PROBLEM REQUIREMENTS:
When you reach the line below that has "4. Подходит для: левая", start returning lines exactly, and stop after the line that has "국민연금은 한국을 대표하는 대기업들에 투자하고 있어요."; skip the pictures.
==== EXCERPTED RECORDS ====
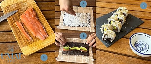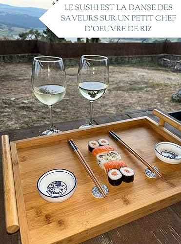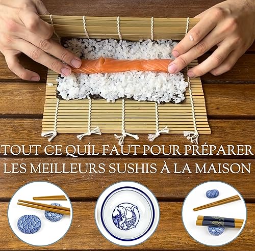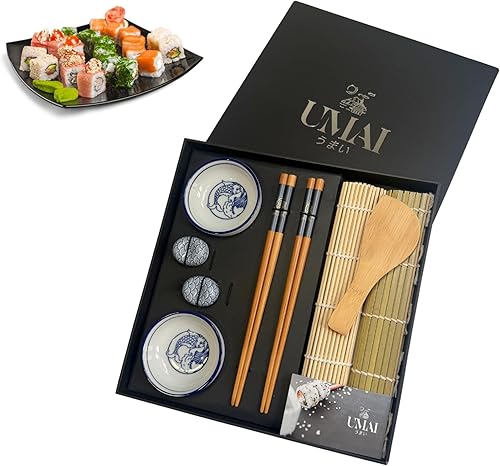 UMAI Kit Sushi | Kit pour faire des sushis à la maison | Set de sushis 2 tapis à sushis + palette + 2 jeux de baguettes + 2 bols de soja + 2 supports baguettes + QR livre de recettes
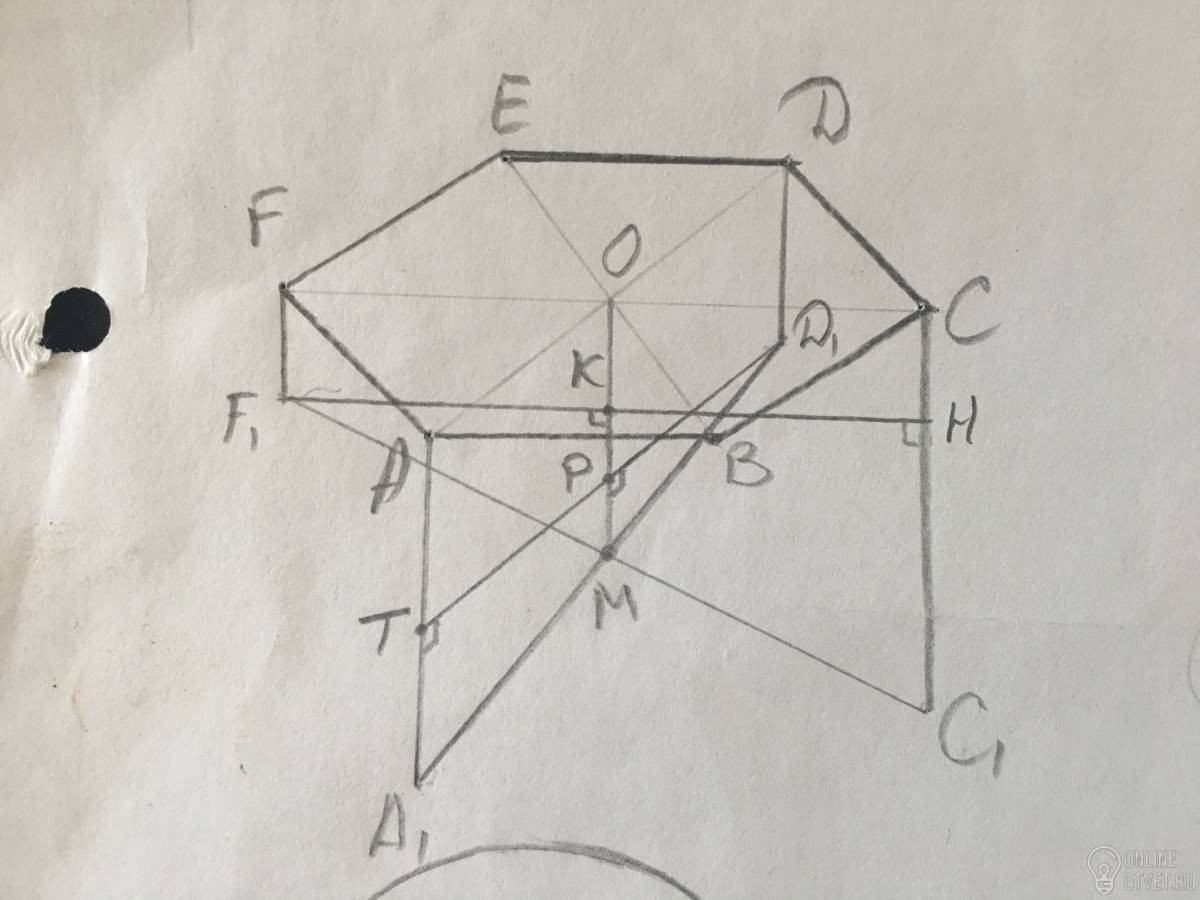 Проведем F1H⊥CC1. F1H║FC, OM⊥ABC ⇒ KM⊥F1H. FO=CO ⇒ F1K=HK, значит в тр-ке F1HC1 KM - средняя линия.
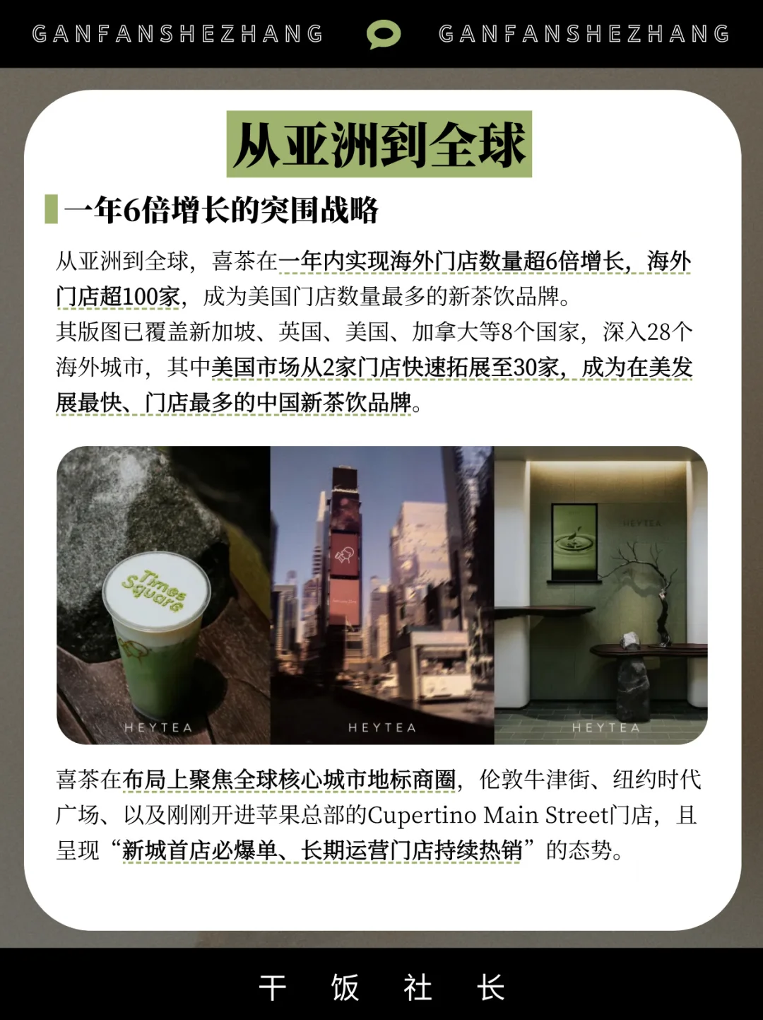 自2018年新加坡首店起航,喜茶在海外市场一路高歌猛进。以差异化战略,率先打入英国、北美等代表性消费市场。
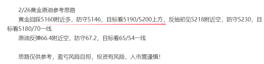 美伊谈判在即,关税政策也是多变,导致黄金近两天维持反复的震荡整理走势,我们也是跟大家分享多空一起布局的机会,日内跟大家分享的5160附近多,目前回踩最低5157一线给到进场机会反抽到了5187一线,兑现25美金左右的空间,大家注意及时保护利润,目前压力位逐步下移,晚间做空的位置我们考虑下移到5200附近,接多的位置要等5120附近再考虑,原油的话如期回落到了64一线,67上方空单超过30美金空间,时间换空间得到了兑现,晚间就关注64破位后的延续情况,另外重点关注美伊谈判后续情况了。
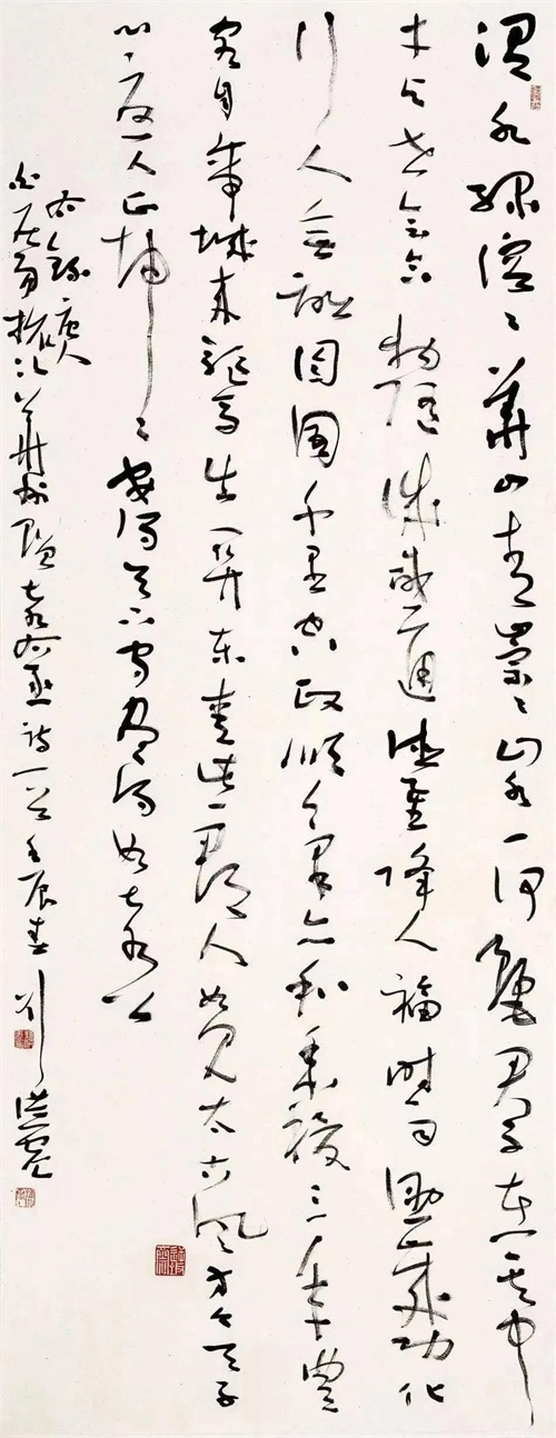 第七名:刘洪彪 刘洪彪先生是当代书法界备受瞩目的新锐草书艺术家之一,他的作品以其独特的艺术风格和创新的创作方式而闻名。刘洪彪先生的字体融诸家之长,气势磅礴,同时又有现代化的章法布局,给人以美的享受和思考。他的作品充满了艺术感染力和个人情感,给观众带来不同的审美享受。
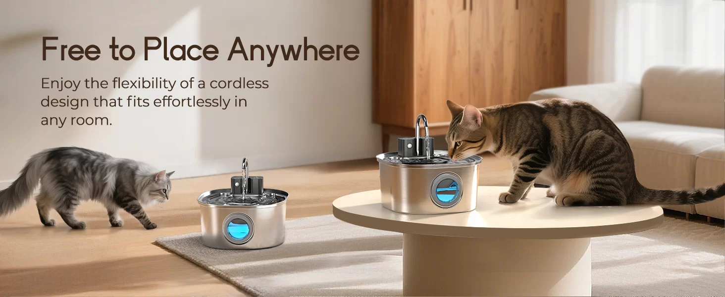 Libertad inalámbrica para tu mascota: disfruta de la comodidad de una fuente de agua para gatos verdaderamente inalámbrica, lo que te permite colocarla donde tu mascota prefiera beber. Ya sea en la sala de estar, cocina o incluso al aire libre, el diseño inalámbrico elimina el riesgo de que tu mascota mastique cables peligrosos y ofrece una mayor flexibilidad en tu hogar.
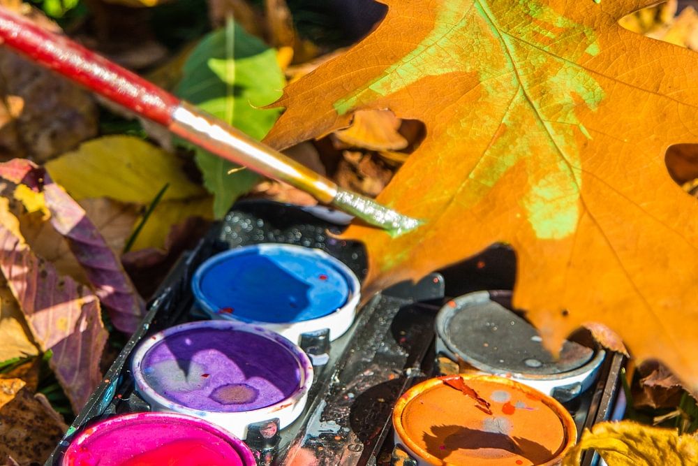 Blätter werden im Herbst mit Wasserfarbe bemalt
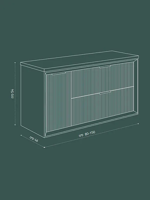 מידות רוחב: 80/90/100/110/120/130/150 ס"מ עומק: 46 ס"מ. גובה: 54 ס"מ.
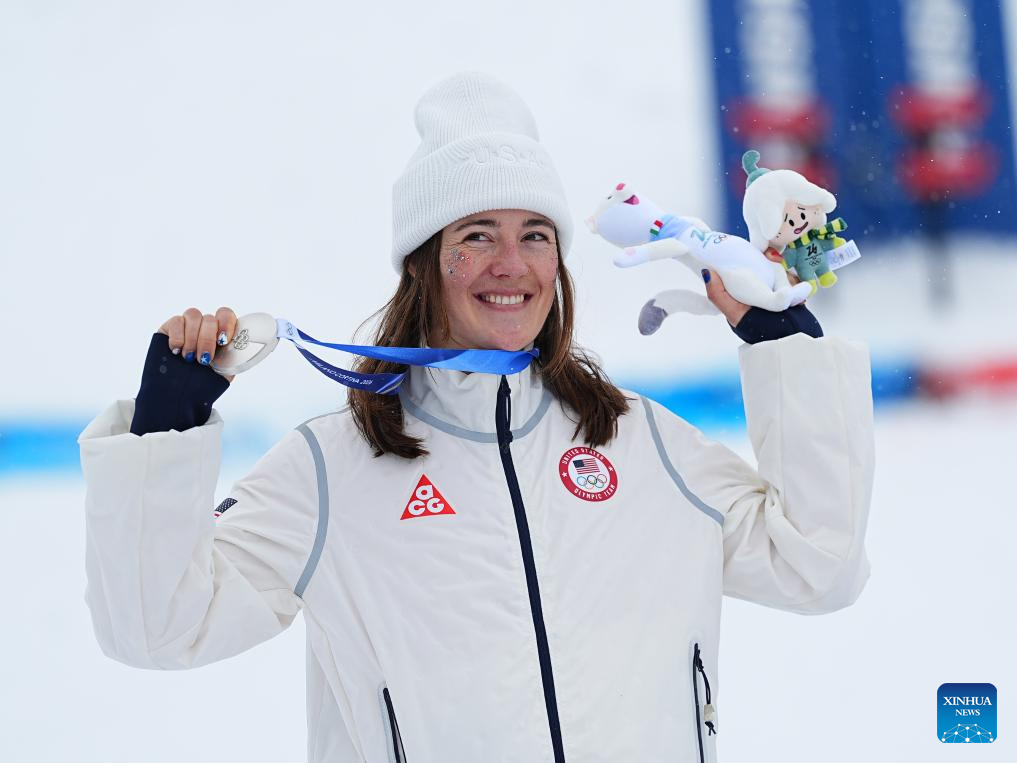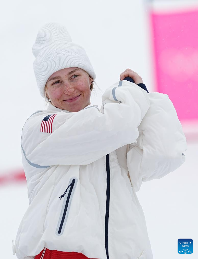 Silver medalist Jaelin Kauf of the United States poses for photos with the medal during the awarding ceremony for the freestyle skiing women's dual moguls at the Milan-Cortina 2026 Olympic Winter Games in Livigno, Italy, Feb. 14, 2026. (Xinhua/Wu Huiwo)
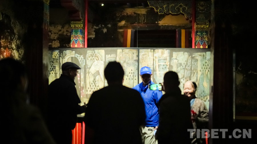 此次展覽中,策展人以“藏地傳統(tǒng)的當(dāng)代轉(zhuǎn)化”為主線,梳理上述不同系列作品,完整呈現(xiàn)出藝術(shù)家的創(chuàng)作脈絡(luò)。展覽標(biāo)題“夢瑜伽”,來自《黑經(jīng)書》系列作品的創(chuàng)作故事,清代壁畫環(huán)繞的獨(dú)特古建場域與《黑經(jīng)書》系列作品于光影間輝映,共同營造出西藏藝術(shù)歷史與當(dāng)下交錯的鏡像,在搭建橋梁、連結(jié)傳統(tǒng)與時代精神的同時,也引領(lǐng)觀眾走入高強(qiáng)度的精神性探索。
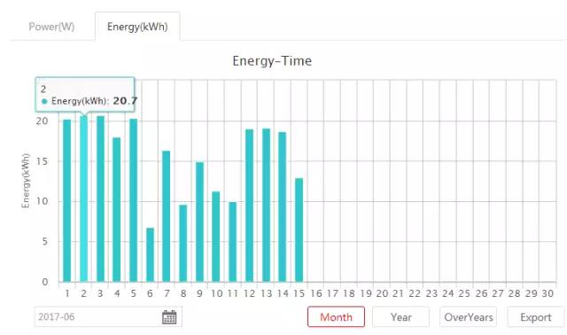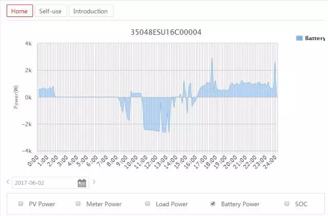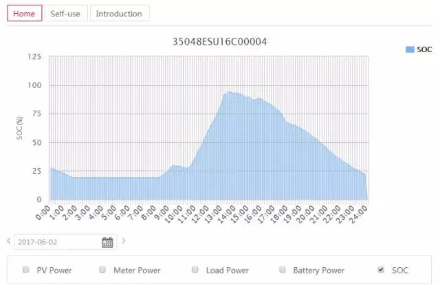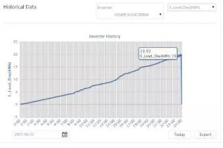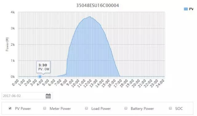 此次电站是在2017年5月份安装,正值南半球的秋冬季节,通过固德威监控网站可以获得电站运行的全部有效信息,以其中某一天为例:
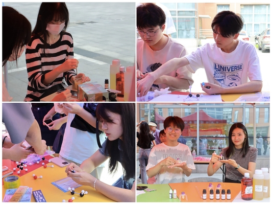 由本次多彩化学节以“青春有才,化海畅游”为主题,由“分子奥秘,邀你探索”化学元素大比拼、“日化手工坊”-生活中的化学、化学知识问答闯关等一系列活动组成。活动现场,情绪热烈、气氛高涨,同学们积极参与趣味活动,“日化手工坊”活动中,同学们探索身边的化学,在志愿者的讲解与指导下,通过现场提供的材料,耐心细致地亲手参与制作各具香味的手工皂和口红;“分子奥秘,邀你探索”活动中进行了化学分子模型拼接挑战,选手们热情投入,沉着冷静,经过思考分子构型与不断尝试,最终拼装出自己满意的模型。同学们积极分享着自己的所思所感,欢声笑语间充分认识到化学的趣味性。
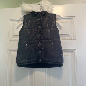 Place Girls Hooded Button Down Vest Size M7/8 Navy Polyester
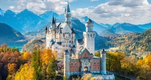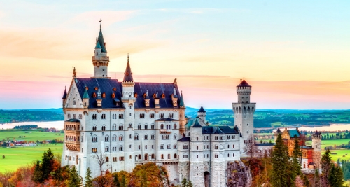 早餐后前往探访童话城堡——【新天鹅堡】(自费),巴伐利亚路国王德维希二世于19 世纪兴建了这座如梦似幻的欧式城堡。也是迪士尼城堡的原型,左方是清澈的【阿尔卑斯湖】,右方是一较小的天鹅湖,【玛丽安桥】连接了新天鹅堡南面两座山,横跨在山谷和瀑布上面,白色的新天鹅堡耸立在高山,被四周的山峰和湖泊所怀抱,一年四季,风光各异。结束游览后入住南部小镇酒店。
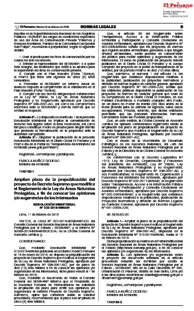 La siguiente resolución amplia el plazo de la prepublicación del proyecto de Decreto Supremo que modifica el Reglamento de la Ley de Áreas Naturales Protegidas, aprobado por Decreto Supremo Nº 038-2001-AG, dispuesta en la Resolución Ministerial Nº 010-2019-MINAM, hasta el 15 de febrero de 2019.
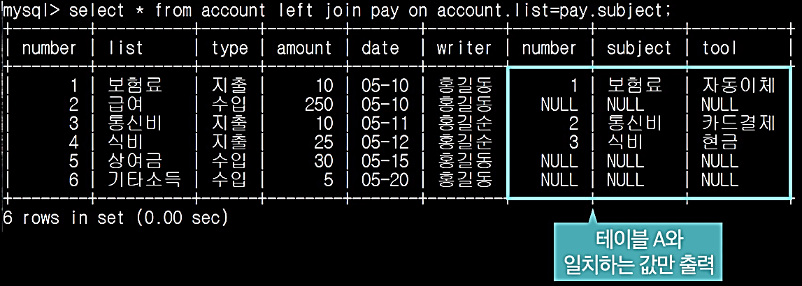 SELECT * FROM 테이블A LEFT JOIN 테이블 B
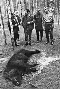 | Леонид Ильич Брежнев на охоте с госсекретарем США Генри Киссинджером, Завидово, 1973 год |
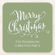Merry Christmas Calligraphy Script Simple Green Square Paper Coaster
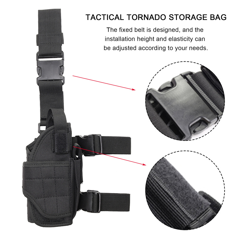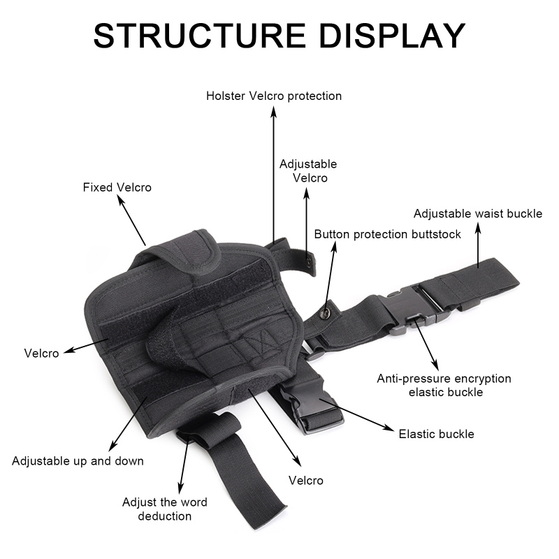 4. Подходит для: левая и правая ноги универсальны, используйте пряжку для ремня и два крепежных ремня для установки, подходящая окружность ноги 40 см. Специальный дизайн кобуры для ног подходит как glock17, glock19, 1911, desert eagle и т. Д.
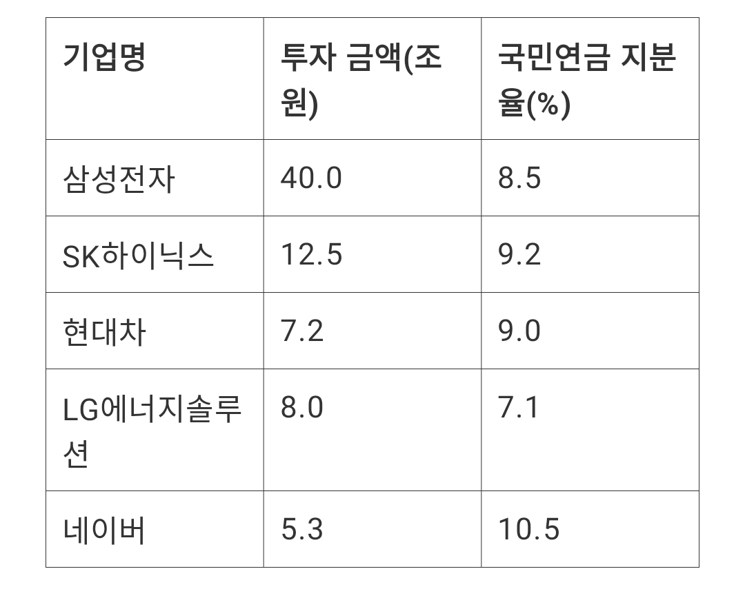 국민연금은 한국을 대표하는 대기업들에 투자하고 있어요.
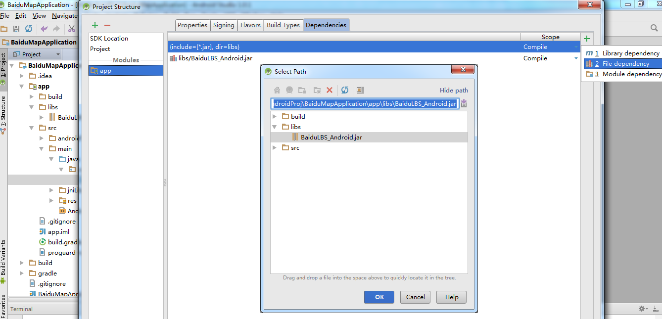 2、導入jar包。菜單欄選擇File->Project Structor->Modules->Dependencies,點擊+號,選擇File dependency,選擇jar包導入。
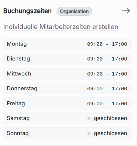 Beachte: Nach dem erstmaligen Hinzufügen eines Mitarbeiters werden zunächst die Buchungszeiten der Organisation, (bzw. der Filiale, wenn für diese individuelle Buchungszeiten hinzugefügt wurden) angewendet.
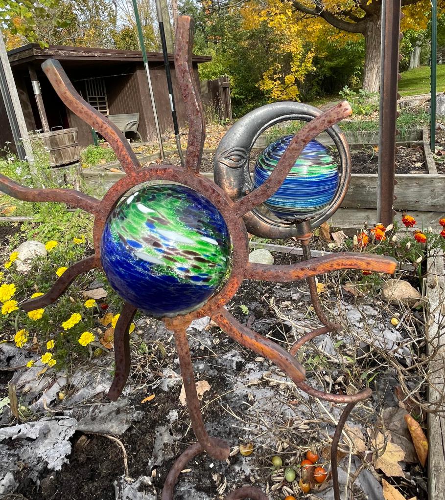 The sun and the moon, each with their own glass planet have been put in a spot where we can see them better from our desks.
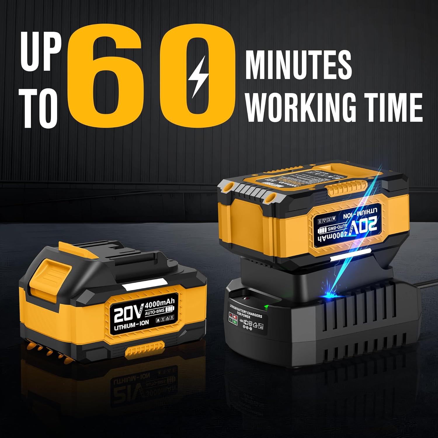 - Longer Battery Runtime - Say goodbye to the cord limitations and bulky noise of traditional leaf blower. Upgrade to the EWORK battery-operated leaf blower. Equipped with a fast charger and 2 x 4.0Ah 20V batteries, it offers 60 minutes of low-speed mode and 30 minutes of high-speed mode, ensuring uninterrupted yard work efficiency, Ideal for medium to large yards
====
SOLUTION TO THE EXERCISE:
 4. Подходит для: левая и правая ноги универсальны, используйте пряжку для ремня и два крепежных ремня для установки, подходящая окружность ноги 40 см. Специальный дизайн кобуры для ног подходит как glock17, glock19, 1911, desert eagle и т. Д.
 국민연금은 한국을 대표하는 대기업들에 투자하고 있어요.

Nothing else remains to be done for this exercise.